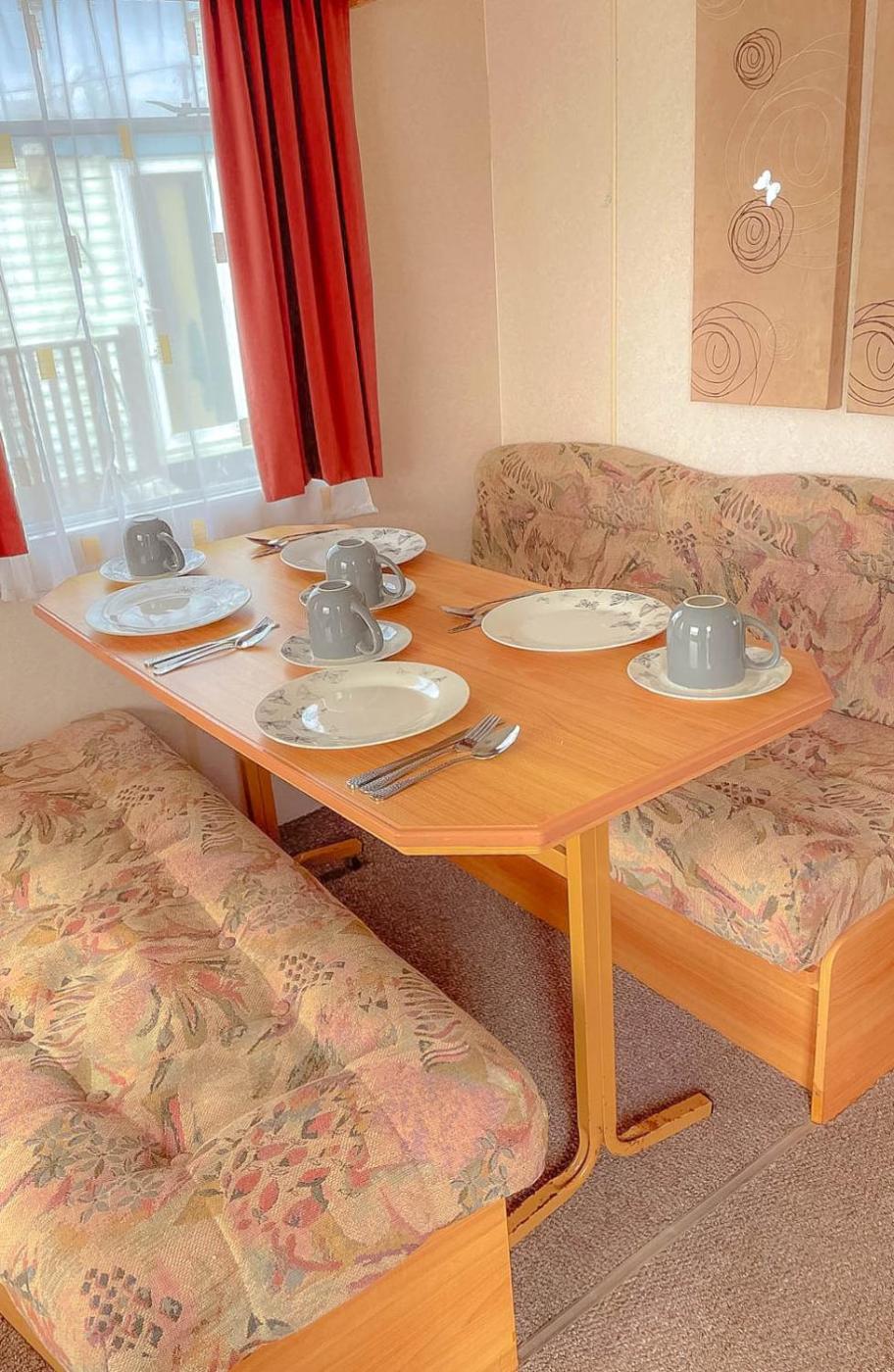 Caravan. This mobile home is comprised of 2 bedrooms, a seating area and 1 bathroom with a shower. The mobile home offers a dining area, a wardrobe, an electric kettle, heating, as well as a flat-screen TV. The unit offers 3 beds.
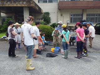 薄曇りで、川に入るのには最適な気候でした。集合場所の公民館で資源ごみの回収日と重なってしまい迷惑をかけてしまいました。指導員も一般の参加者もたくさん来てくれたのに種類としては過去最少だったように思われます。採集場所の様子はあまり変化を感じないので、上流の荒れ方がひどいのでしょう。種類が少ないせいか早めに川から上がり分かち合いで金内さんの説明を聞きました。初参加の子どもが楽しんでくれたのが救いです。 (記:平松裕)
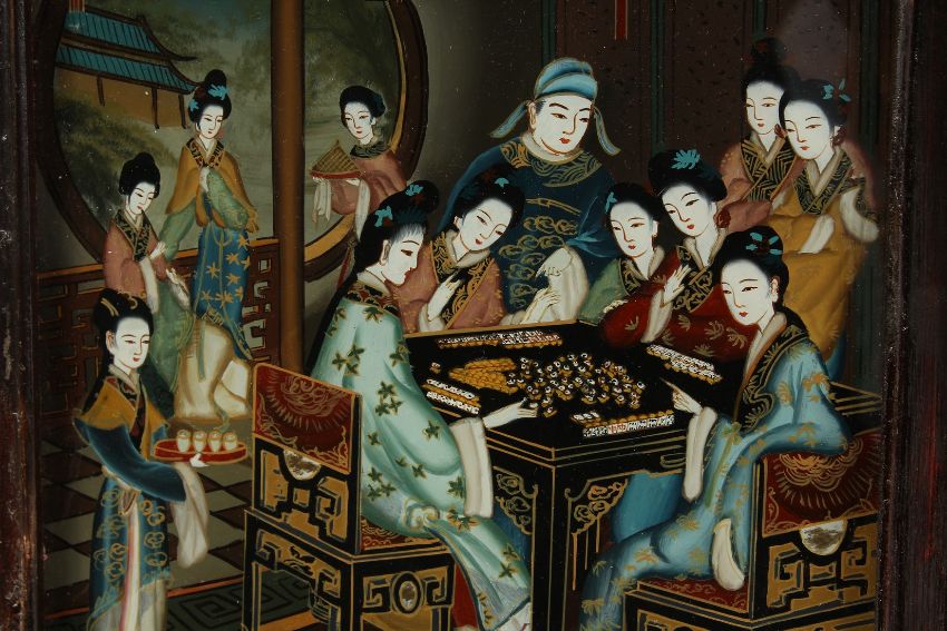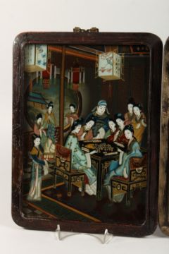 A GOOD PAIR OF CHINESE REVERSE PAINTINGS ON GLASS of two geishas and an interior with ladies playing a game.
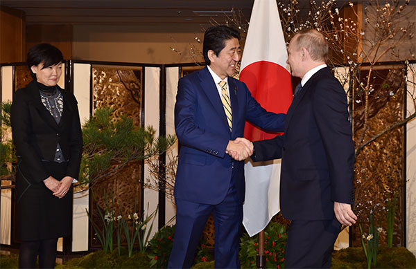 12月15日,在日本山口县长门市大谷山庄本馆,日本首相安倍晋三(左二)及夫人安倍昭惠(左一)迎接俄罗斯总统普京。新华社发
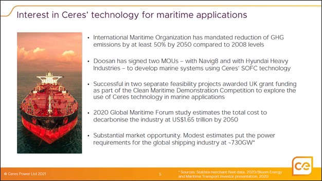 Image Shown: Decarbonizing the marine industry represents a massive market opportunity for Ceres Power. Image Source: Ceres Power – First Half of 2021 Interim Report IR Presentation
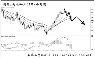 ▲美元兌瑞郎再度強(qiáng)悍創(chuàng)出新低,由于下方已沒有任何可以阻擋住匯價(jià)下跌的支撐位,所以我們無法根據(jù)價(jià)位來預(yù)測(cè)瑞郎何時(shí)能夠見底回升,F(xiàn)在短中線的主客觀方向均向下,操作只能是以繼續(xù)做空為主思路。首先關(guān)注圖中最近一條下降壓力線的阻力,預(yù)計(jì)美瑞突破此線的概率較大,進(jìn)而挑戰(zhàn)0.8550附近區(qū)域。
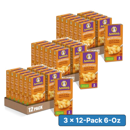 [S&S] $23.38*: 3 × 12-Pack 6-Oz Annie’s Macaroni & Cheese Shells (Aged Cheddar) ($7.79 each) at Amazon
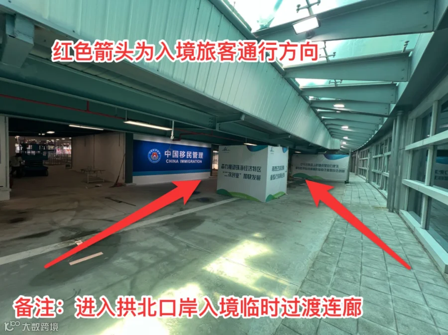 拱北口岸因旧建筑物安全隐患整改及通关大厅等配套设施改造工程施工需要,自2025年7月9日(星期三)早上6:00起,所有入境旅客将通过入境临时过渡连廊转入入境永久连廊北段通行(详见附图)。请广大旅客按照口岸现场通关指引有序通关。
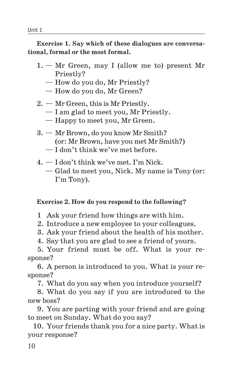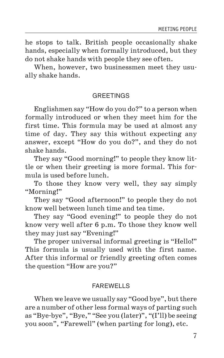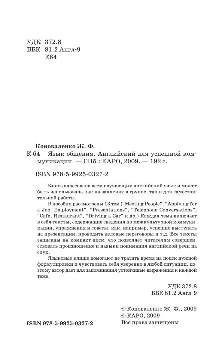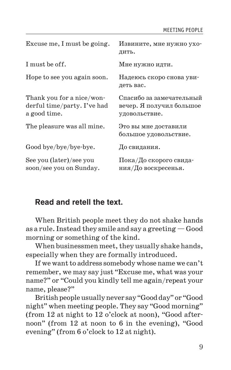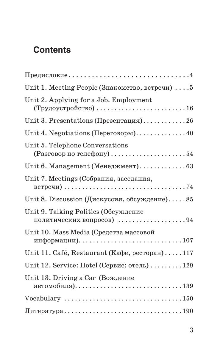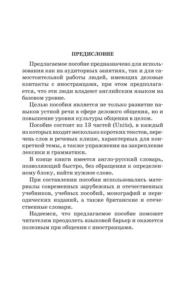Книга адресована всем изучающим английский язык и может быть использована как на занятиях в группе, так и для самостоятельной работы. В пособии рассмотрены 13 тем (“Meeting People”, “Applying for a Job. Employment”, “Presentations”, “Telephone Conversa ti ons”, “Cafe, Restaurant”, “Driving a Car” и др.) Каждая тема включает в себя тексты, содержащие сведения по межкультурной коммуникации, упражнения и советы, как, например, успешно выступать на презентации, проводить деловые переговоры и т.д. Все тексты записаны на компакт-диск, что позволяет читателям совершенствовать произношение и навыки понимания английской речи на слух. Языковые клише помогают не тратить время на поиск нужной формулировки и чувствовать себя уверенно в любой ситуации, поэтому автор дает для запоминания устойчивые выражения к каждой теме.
--------------------
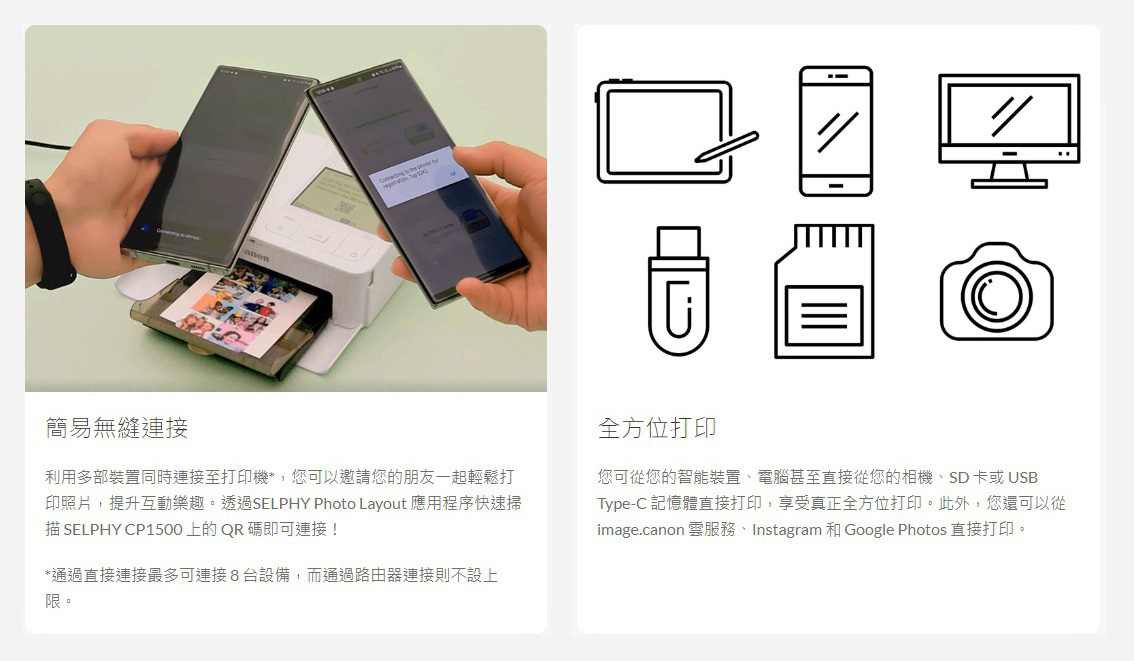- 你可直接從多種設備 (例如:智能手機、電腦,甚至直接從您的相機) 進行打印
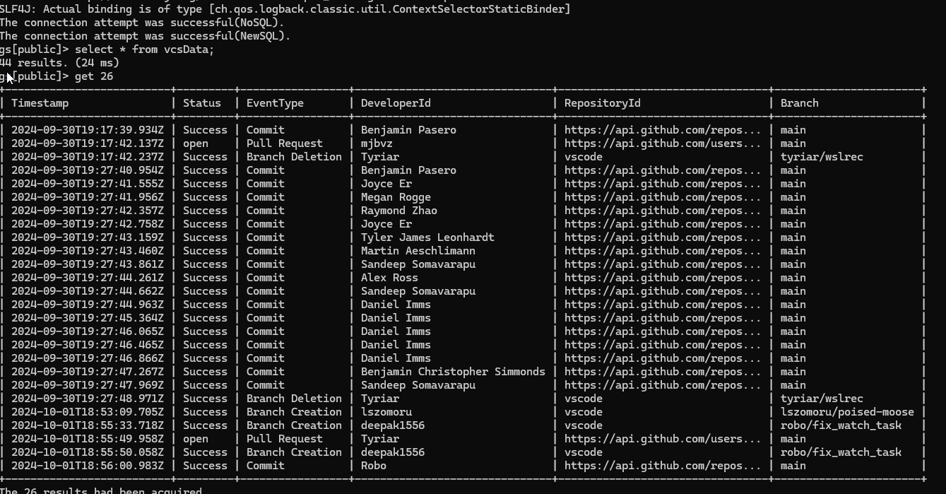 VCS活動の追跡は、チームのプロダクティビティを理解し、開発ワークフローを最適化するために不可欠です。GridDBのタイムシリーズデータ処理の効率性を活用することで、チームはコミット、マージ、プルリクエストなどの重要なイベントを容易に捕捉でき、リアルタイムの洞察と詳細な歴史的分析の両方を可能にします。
--------------------
▶ [ASSIGNED TASK] From the material above, output only the span of lines that starts at the one containing "拱北口岸因旧建筑物安全隐患整" and finishes at the one containing "Книга адресована всем", word for word and free of pictures.

▶ [ANSWER FOR THE TASK]
 拱北口岸因旧建筑物安全隐患整改及通关大厅等配套设施改造工程施工需要,自2025年7月9日(星期三)早上6:00起,所有入境旅客将通过入境临时过渡连廊转入入境永久连廊北段通行(详见附图)。请广大旅客按照口岸现场通关指引有序通关。
Книга адресована всем изучающим английский язык и может быть использована как на занятиях в группе, так и для самостоятельной работы. В пособии рассмотрены 13 тем (“Meeting People”, “Applying for a Job. Employment”, “Presentations”, “Telephone Conversa ti ons”, “Cafe, Restaurant”, “Driving a Car” и др.) Каждая тема включает в себя тексты, содержащие сведения по межкультурной коммуникации, упражнения и советы, как, например, успешно выступать на презентации, проводить деловые переговоры и т.д. Все тексты записаны на компакт-диск, что позволяет читателям совершенствовать произношение и навыки понимания английской речи на слух. Языковые клише помогают не тратить время на поиск нужной формулировки и чувствовать себя уверенно в любой ситуации, поэтому автор дает для запоминания устойчивые выражения к каждой теме.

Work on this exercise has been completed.